Well after asking around, friends and whoever else was around at the time, I struck lucky and found another old friend of mine was selling his milling machine ;D
After a couple of phonecalls and a whole weekend waiting  i went and viewed it tonight and agreed to buy it ;D
It is a Beaver VBPR, a bit grubby as it has only done about 10 little jobs in the last 20 odd years, hence the sale, and it could do with a paint. 
All I need now is to figure out how to get it off the floor and onto the trailer ???
Then, or rather before that, I need to clear a spot in the shop to install it. I reckon the veg oil filter system need to be re homed 

Heres to many hours learning how to drive it scratch.gif  ???

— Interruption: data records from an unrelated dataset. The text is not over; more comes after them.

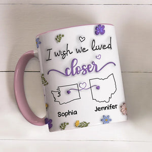 I Wish We Lived Closer 3D Inflated Effect Mug, Long Distance Mug, Best Friend Birthday Gifts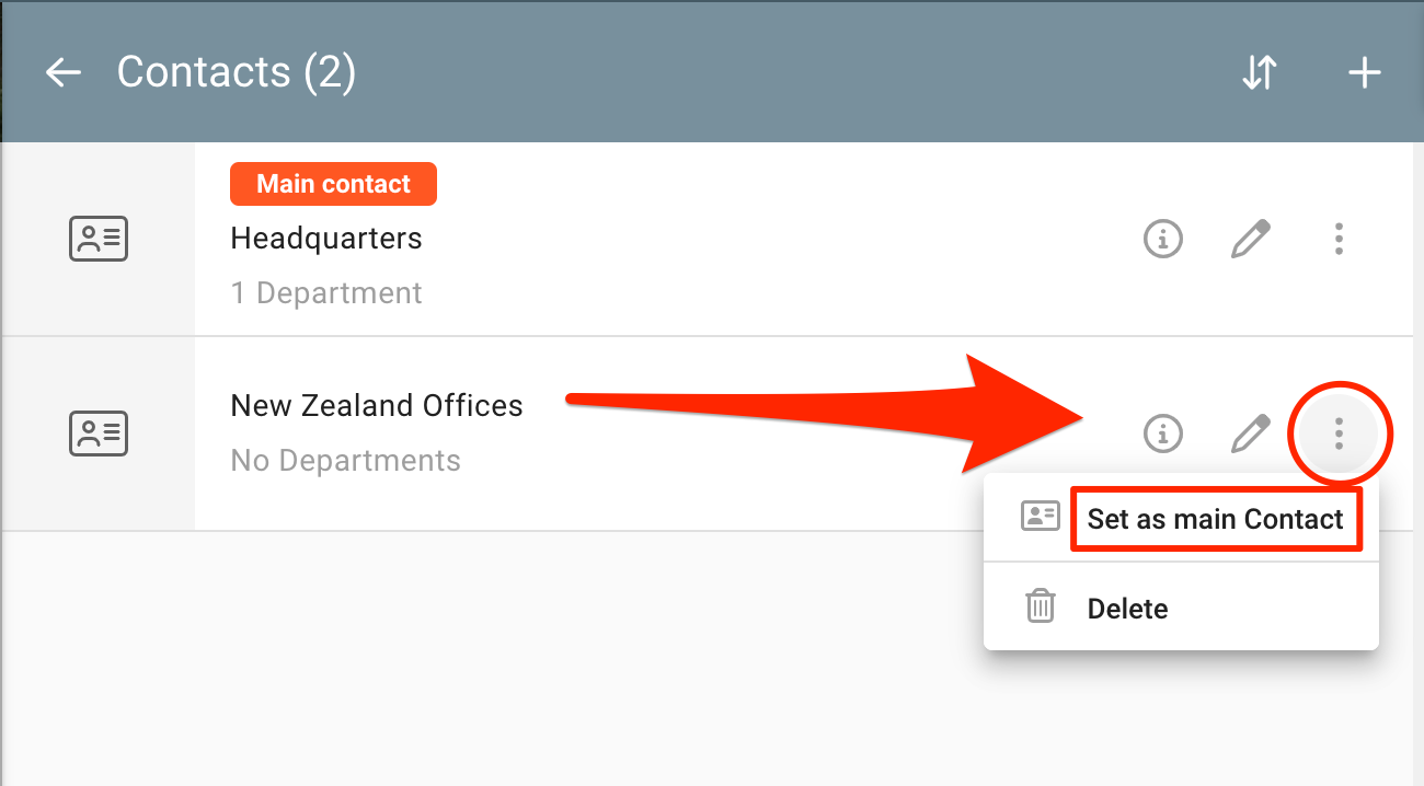 The first contact added to your Project becomes by default the Main Contact. If you wish to change that, just click on the "three dots" icon on the relevant contact, and select the "Set as main Contact" option.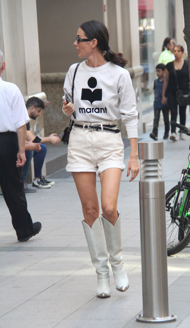 Yasemin Özilhan, çizmeleri ve kısa şortuyla dikkat çekti.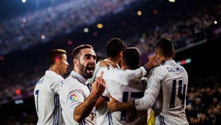 La igualada de último minuto por parte del Real Madrid en el Clásico español provocó la alegría tanto de aficionados merengues como de los propios jugadores, así quedó demostrado cuando en el festejo de gol, Dani Carvajal, le 'pintó el dedo' a la afición blaugrana.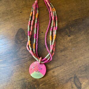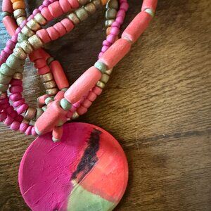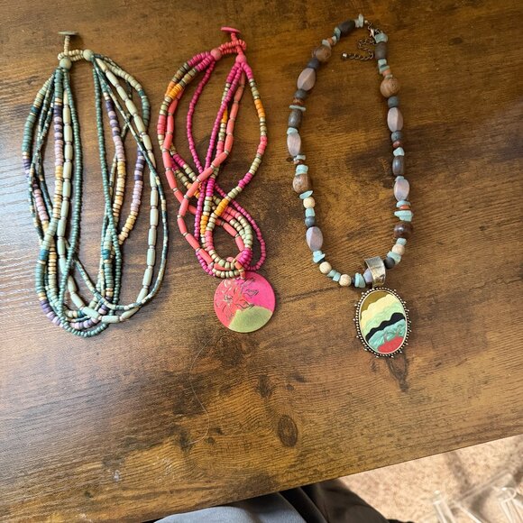 This is for 3 Wooden Beaded Necklaces, 2 have pendants and one does not. One has a hooks closer and to have buttons. All 3 are earthy toned. Great addition to any night out.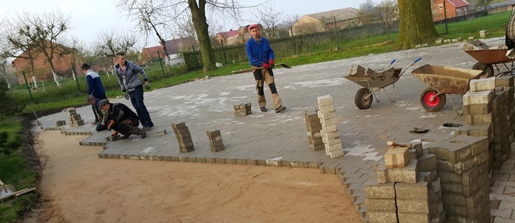 Prace rozpoczęły się w II połowie marca, jeszcze przed Wielkanocą. Muszą zakończyć się do 1 maja – wtedy w świetlicy odbędzie się uroczystość z okazji I Komunii Świętej. – Trzeba było wywieźć ziemię, aby wyrównać plac. Potem przywieźliśmy suchy beton, to należało rozgarnąć. Wykonywaliśmy prace popołudniami. Potem, w którąś sobotę rozgarnialiśmy piasek i później już zaczęło się układanie kostki – wyjaśnia sołtys. Tłumaczy, że do prac przychodziło średnio po 15 osób.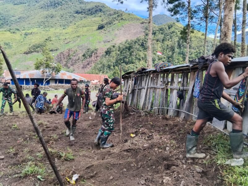 Papua Tengah – Pos Tinggi Nambut Satgas Yonif 112/DJ bersama rakyat melaksanakan kegiatan Karya Bakti Teritorial dengan bergotong royong bersihkan lingkungan di Distrik Tinggi Nambut Kabupaten Puncak Jaya Provinsi Papua Tengah, Senin (10/11/2025).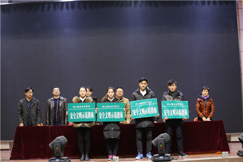 12月14日晚,学校在西区大礼堂举行安全文明创建活动颁奖典礼暨第一届创意寝室文化大赛文艺晚会。学校副校长杨立明、学工处全体工作人员及保卫处相关工作人员出席了此次颁奖典礼,对54个安全文明班级、48个安全文明宿舍、270名文明学生及4个安全文明楼栋进行了表彰,向受表彰的文明单位和先进个人颁发了荣誉证书和奖牌,并和全校寝室长一同观看了第一届创意寝室文化大赛文艺演出。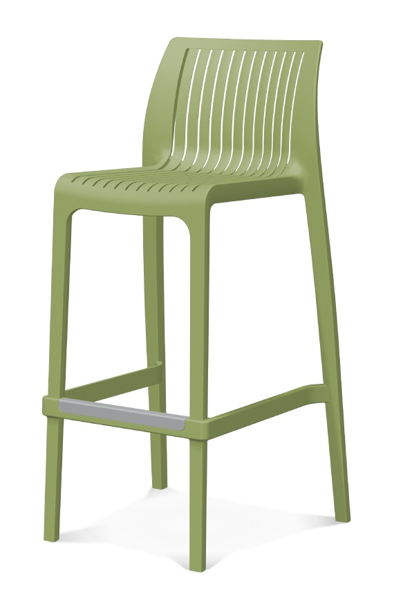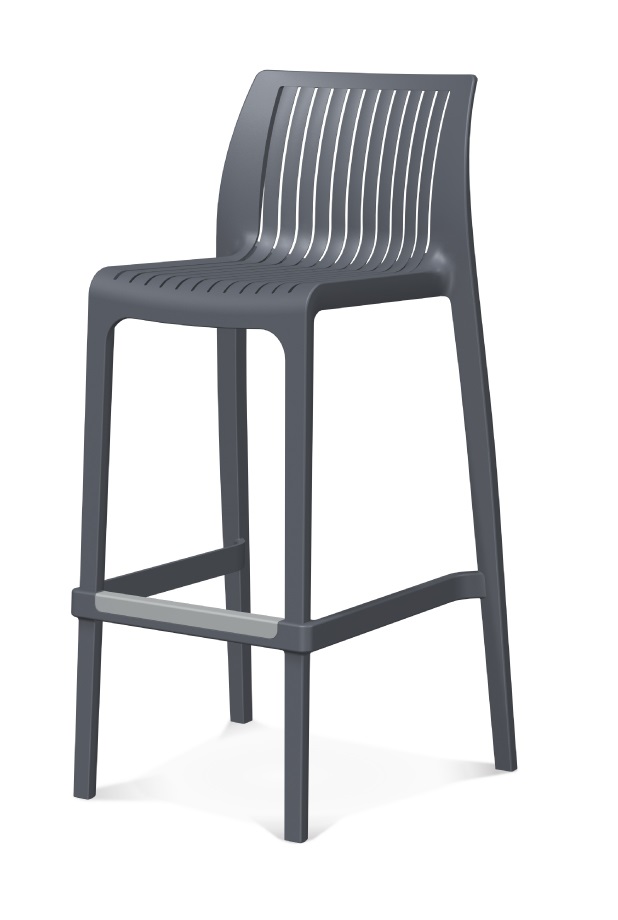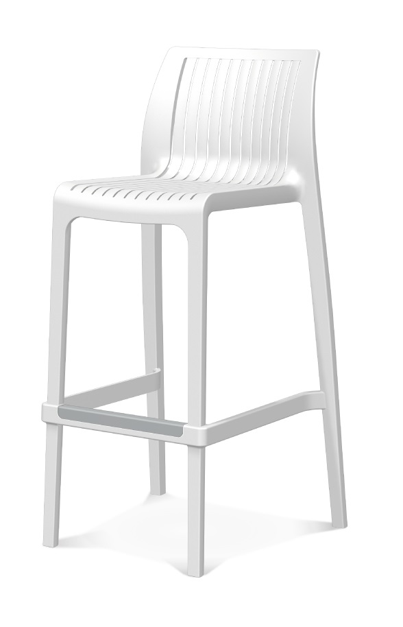 Banco de Polipropileno con Altura para Bar y Perforación en Líneas Rectas, Fabricado en Una Sola Pieza con Diseño Ergonómico para Uso en Interiores e Intemperie, Resistente a Rayos Ultravioleta (UV) y Resistente al Ambiente Salino.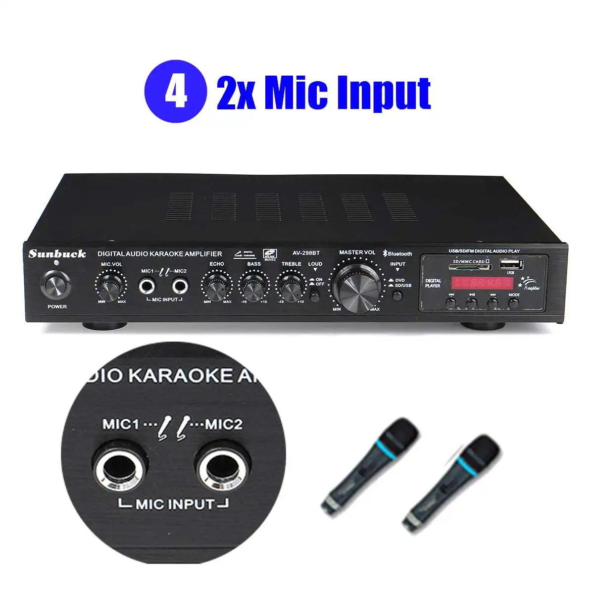 -Двойной микрофонный вход, с 2 микрофонными входами, с регулировкой реверберации микрофона.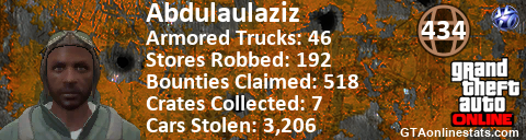 <a href="http://GTAonlinestats.com/showplayer/Abdulaulaziz"><img src="http://GTAonlinestats.com/randomsignature/Abdulaulaziz/sig.png" alt="Abdulaulaziz" border="0" /></a>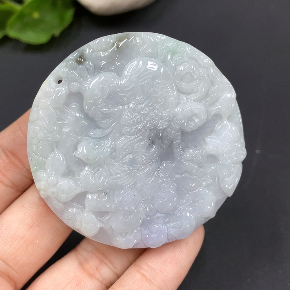 Trezaar - Jadeite Peacock Pendant Total Weight 58.622g
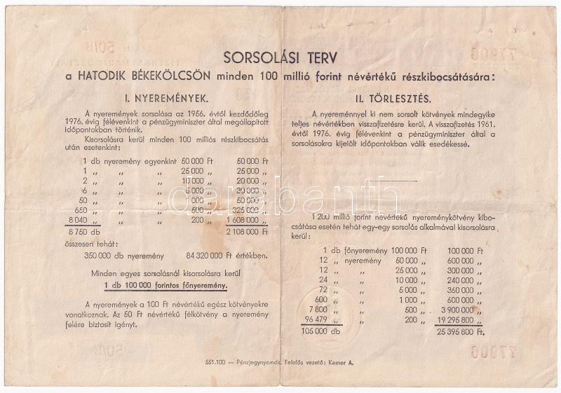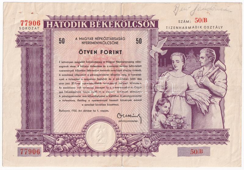 Budapest 1955. "Hatodik Békekölcsön" nyereménykölcsön kötvény 50Ft-ról... https://www.darabanth.com/de/443-Fernauktion/443.0/Numismatik/Aktien-und-Tickets~1500005/Budapest-1955-Hatodik-Bekekolcson-nyeremenykolcson-kotveny-50Ft-rol-szarazpecsettel-T~II2919351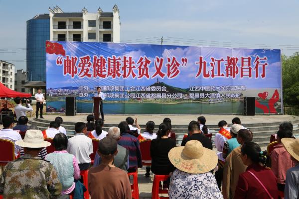 4月20日,由江西省郵政工會、江西郵政報社、江西中醫(yī)藥大學(xué)附屬醫(yī)院志愿者聯(lián)合主辦,九江市郵政工會、都昌縣縣政府、都昌縣大港鎮(zhèn)人民政府共同協(xié)辦的“郵愛健康扶貧義診”活動在九江市都昌縣大港鎮(zhèn)舉行,來自江西省中醫(yī)藥大學(xué)附屬醫(yī)院的11名醫(yī)生和護(hù)師組成的醫(yī)護(hù)志愿者服務(wù)隊,為當(dāng)?shù)乩习傩账歪t(yī)、送藥、送健康,將健康扶貧送到了老百姓的家門口。都昌縣人大副主任向重新,省郵政工會副主席胡萍,省分公司辦公室副總經(jīng)理、江西郵政報社社長蔡兆清,省分公司企發(fā)部副總經(jīng)理李越珂,九江市分公司副總經(jīng)理、工會主席喻剛,大港鎮(zhèn)鎮(zhèn)長江華林,大港鎮(zhèn)黨委副書記黃禹等領(lǐng)導(dǎo)出席了活動啟動儀式。

It does come with a decent vice and some tooling so i can get off to a good start 8)


----------



## Tin Falcon (Nov 30, 2009)

grunty nice find on the mill . took a peek at lathes .uk and looks like a fine machine. as far as moving it the first thing I would do is crank down the table and get the head swung low if you can. ie get the center of gravity as low as possible. if you have a car trailer things should be easy. it is amazing how easily things will slide on concrete or steel. And put a few pieces of 1 1/2 pipe under it as rollers you should be able push it buy hand. So a few pieces of scrap pipe acouple of pry bars and a come a long and you should have no problem getting her loaded. Just plan ahead and work safe. I am no rigger but I work for a scale company and I regularly have to move 500 lbs to 1000 lbs of weight on a regular basis. 
Another option is to hire a flat bed wrecker to do the move for you. 
Tin


----------



## Bernd (Nov 30, 2009)

grunty,

Here's how I got a 2000 pound Bridgeport home and put it in the basement. Might give you some ideas on how to move a machine. Moving a Bridgeport

Bernd


----------



## steamer (Nov 30, 2009)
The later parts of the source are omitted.